Memorials – Memorial Waterslides
Label : Fire
Après la réalisation de musiques de films et leur travail au Centre Pompidou, Memorials, duo de musiciens touche-à-tout, présente un premier album aux ambiances éthérées. La contrainte du nombre est évincée par un entremêlement instrumental qui dote leur musique d’une densité orchestrale.
Les chuintements de bandes magnétiques subtilement manipulées servent autant aux expérimentations bruitistes de “Memorial Waterslide II“ qu’à l’hétéroclite “Book Stall“. Le dernier quart de l’album explore les terres de l’ambient : “Horse Head Pencil“ semble nous replonger en plein Music For Airports de Brian Eno ; l’album s’achève en accalmie, sur de superbes chœurs.
The Smile – Cutouts
Label : XL
Thom Yorke et Johny Greenwood de Radiohead créent The Smile en 2020, y invitent Tom Skinner de Sons of Kemet et font de ce projet un jardin secret d’expérimentations.
Les trébuchements rythmiques de Skinner et le délire microtonal de Greenwood sont évocateurs des recompositions spatiales continues opérées dans les excellents clips de “Foreign Spies“ et “Eyes and Mouth“, une expérience onirique du vide et de l’instabilité portée par les divagations de Thom Yorke « Emptiness it has many forms, the only thing is to listen ». Une réussite.
KO KO MO – Striped
Label : PIAS
Le duo nantais perpétue le son puissant de son album précédent Need Some Mo’ combinant les riffs écorchés par la fuzz de Warren, dont la voix a conservé son tranchant caractéristique, et les kicks telluriques assénés par K20.
KO KO MO est la synthèse efficace entre des références habiles à un âge d’or (le sitar de “The Wise“ aurait probablement fait sourire Brian Jones) et une modernité assumée dans des titres plus électroniques comme “Don’t Let Me Go“ ou dansants comme “Double Vision“ (pas si loin des Black Keys).
Pixies – The Night the Zombies Came
Label : BMG
Celui qui, avec cet album, découvre les Pixies ne sera probablement pas déçu.
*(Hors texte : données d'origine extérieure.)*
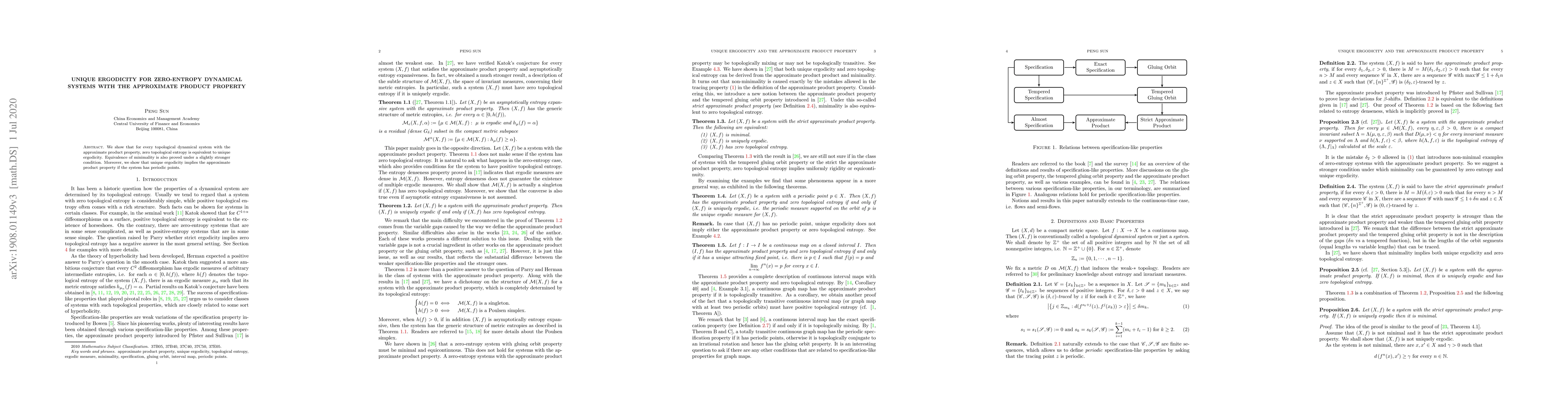 This paper establishes that zero topological entropy in dynamical systems with the approximate product property guarantees unique ergodicity. It also proves the equivalence of minimality under a slightly stronger condition, and demonstrates that unique ergodicity implies the approximate product property when the system has periodic points.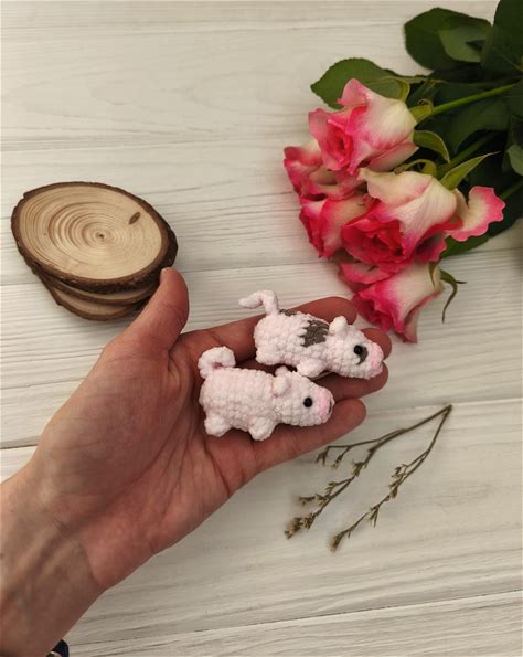 Miniature Plushie Pig Pocket Toy. Tiny Stuffed Cute Plush Desk Animal. Gift For Besty, Friend, Emotional Support. Crochet Mini Figures

L’adepte, quant à lui, pourra sonder ses écoutes en vain, il n’y trouvera pas enfouie, la perfection sonore des premières années.
Il faut savoir simuler son innocence et reconnaitre au groupe une évolution largement satisfaisante. L’écoute de The Night the Zombies Came avec une oreille objective, révèle ainsi de très bonnes compositions : le bondissant “You’re So Impatient“ et l’abrasif “Oyster Beds“, de très bonnes ballades également avec le cynisme sombre de “Chicken“ ou la jovialité de “Kings of the Prairie“.
Libre à chacun de faire de cet album son totem ou un simple marchepied pour une réécoute nostalgique de Doolittle.
Amyl and the Sniffers – Cartoon Darkness
Label : Rough Trade / Beggars
À un débit mitraillant, Amy Taylor (Amyl) hurle une liberté sans ambages. Les invectives cinglantes et les riffs de Declan Martens font du son de ce quatuor australien un signal brut, un aller simple dans la face de son public. L’écoute de “Big Dreams“ et “Bailing On Me“ est toutefois surprenante : Amy Taylor est décidément l’une des voix les plus intéressantes, d’Australie à n’en pas douter, et bientôt de tout le reste.
Si Amy est autant en mesure d’écrire des chansons touchantes que des brûlots émancipateurs, elle possède avant tout le pouvoir de ne pas avoir à choisir entre les deux, le meilleur qui soit.
Mustang – Megaphenix
Label : Vietnam
Jean Felzine, le beau crooner gominé, revient avec sa bande dans cet album à peu près impeccable. Les paroles amères et d’une méchanceté acerbe sont savoureuses et font preuve d’une qualité d’écriture rare. Le chanteur distribue des baffes à Steve Jobs, à la chanson française, règle ses comptes avec rancœur avant de sombrer dans une crainte mystique qui confine à la résignation. Tout cela porté par des instrumentaux décomplexés, guitare en tête d’un power trio efficace.
L’invitation d’Arthur Teboul de Feu! Chatterton dans l’excellent “Aéroport“ parachève cet album.